**EXERCISE BRIEF:**
Skip the pictures, and retype the data below in full, exactly.

BEGIN MATERIAL FOR THIS TASK

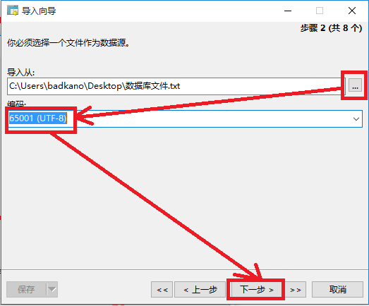 4、然后点击“...”选中文本文件的路径,编码一般选择UTF-8,然后点击下一步。
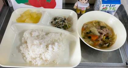 今日の献立は、中華煮、チンゲンサイともやしの生姜和え、りんご(カット缶)、ご飯、牛乳です。いただきます。
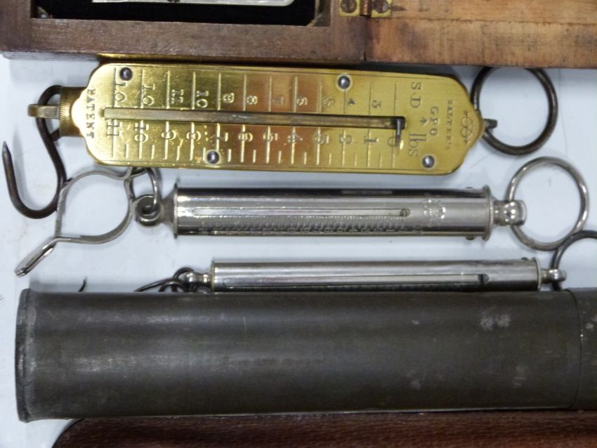 Eight cased Salter spring balances comprising pair in fitted case, letter scales in pouch, small letter scales in pouch marked "Weight and see", set in black leather case, GPO example in metal canister and a pair of GPO examples marked S.G.32/ 235
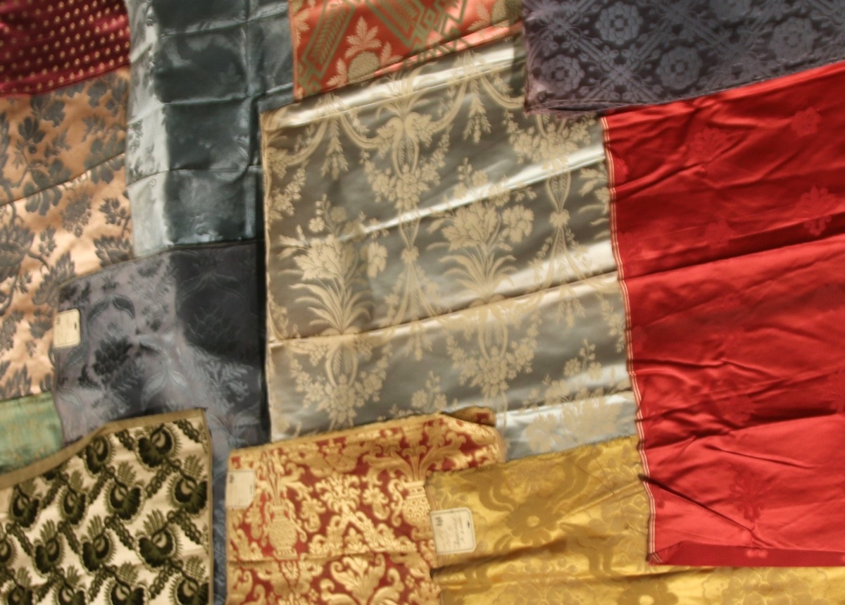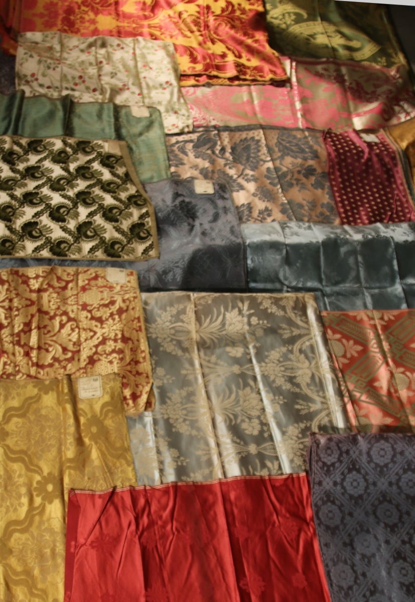Réunion de BROCATELLE, DAMAS, LAMPAS, velours cidelé, style Empire et du XVIIIème siècle, bleu, vert, rouge et crème.
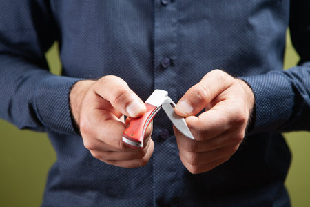 Focused shot of hands stretching and testing polymer blend material that autonomously repairs tears for longlasting durability in active wear
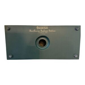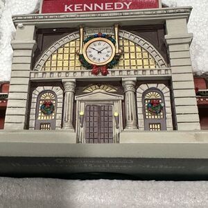 Charming lighted train station from Hawthorn Village. Features festive wreath and detailed architecture. Expertly packed bottom foam insert no box. Christmas themed holly bows
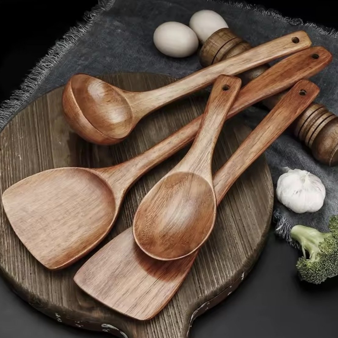 Premeňte prípravu jedla na príjemný zážitok. Táto sada kuchynského náčinia nie je len o miešaní polievky; je o pocite z varenia. Drevo je materiál, ktorý do kuchyne patrí odjakživa – je prirodzené, netoxické a časom získava krásnu patinu.
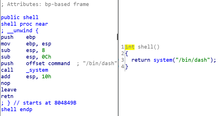 payload = "A"*144 + p32(system) + "a"*4 + p32(shell)
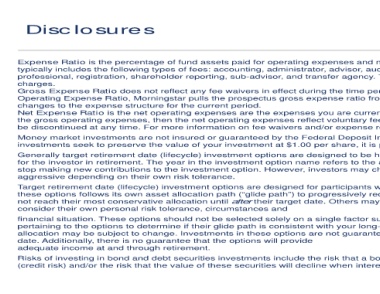 Operating Expense Ratio, Morningstar pulls the prospectus gross expense ratio fro
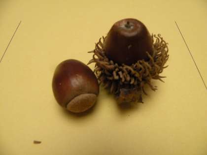 コルクの原料にもなるこのアベマキですが、どんぐりは丸くてコナラに比べて大きいのが特徴です。2枚目の写真にあるように、時々きれいな丸い穴が開いているものがあります。これはコナラシギゾウムシ、ハイイロチョッキリなどの幼虫が出てきた穴です。
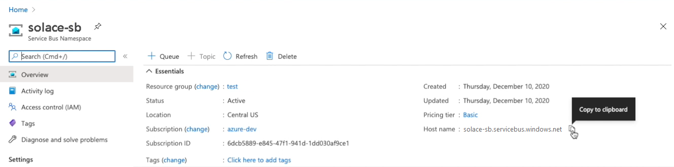 For the Azure Namespace Host, use the Service Bus Namespace Host name.
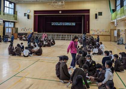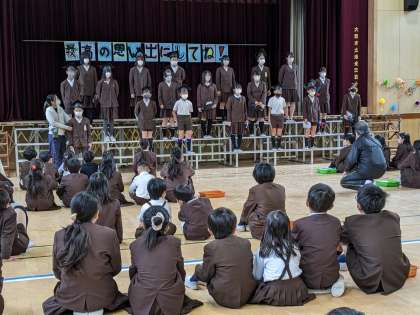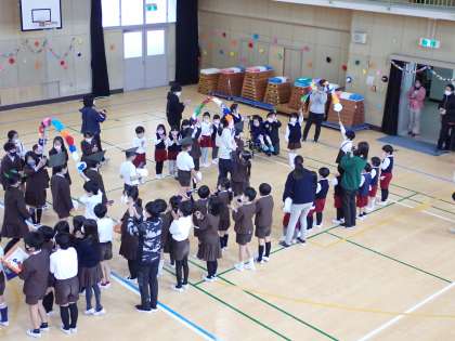 祝う会の最後は、みんなで講堂に集まって、たてわり班ごとにプレゼントを渡しました。そのあと、6年生からお礼の言葉とプレゼントがありました。最後は、幼稚園のみんなも来てくれて6年生を送りました。
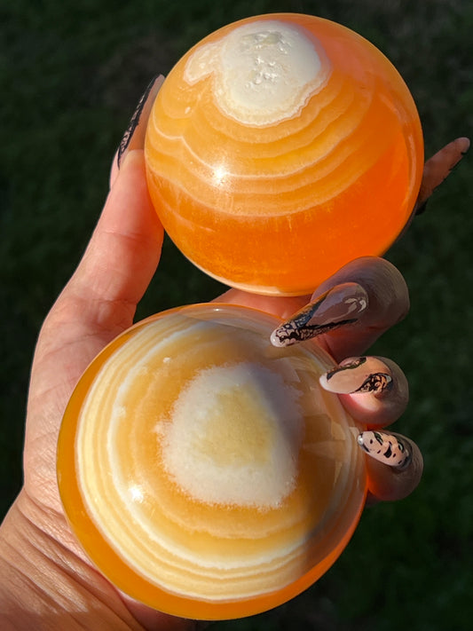 “Blood Orange & Cream” Banded Orange Calcite Spheres

END MATERIAL FOR THIS TASK

**FINISHED EXERCISE:**
 4、然后点击“...”选中文本文件的路径,编码一般选择UTF-8,然后点击下一步。
 今日の献立は、中華煮、チンゲンサイともやしの生姜和え、りんご(カット缶)、ご飯、牛乳です。いただきます。
 Eight cased Salter spring balances comprising pair in fitted case, letter scales in pouch, small letter scales in pouch marked "Weight and see", set in black leather case, GPO example in metal canister and a pair of GPO examples marked S.G.32/ 235
Réunion de BROCATELLE, DAMAS, LAMPAS, velours cidelé, style Empire et du XVIIIème siècle, bleu, vert, rouge et crème.
 Focused shot of hands stretching and testing polymer blend material that autonomously repairs tears for longlasting durability in active wear
 Charming lighted train station from Hawthorn Village. Features festive wreath and detailed architecture. Expertly packed bottom foam insert no box. Christmas themed holly bows
 Premeňte prípravu jedla na príjemný zážitok. Táto sada kuchynského náčinia nie je len o miešaní polievky; je o pocite z varenia. Drevo je materiál, ktorý do kuchyne patrí odjakživa – je prirodzené, netoxické a časom získava krásnu patinu.
 payload = "A"*144 + p32(system) + "a"*4 + p32(shell)
 Operating Expense Ratio, Morningstar pulls the prospectus gross expense ratio fro
 コルクの原料にもなるこのアベマキですが、どんぐりは丸くてコナラに比べて大きいのが特徴です。2枚目の写真にあるように、時々きれいな丸い穴が開いているものがあります。これはコナラシギゾウムシ、ハイイロチョッキリなどの幼虫が出てきた穴です。
 For the Azure Namespace Host, use the Service Bus Namespace Host name.
 祝う会の最後は、みんなで講堂に集まって、たてわり班ごとにプレゼントを渡しました。そのあと、6年生からお礼の言葉とプレゼントがありました。最後は、幼稚園のみんなも来てくれて6年生を送りました。
 “Blood Orange & Cream” Banded Orange Calcite Spheres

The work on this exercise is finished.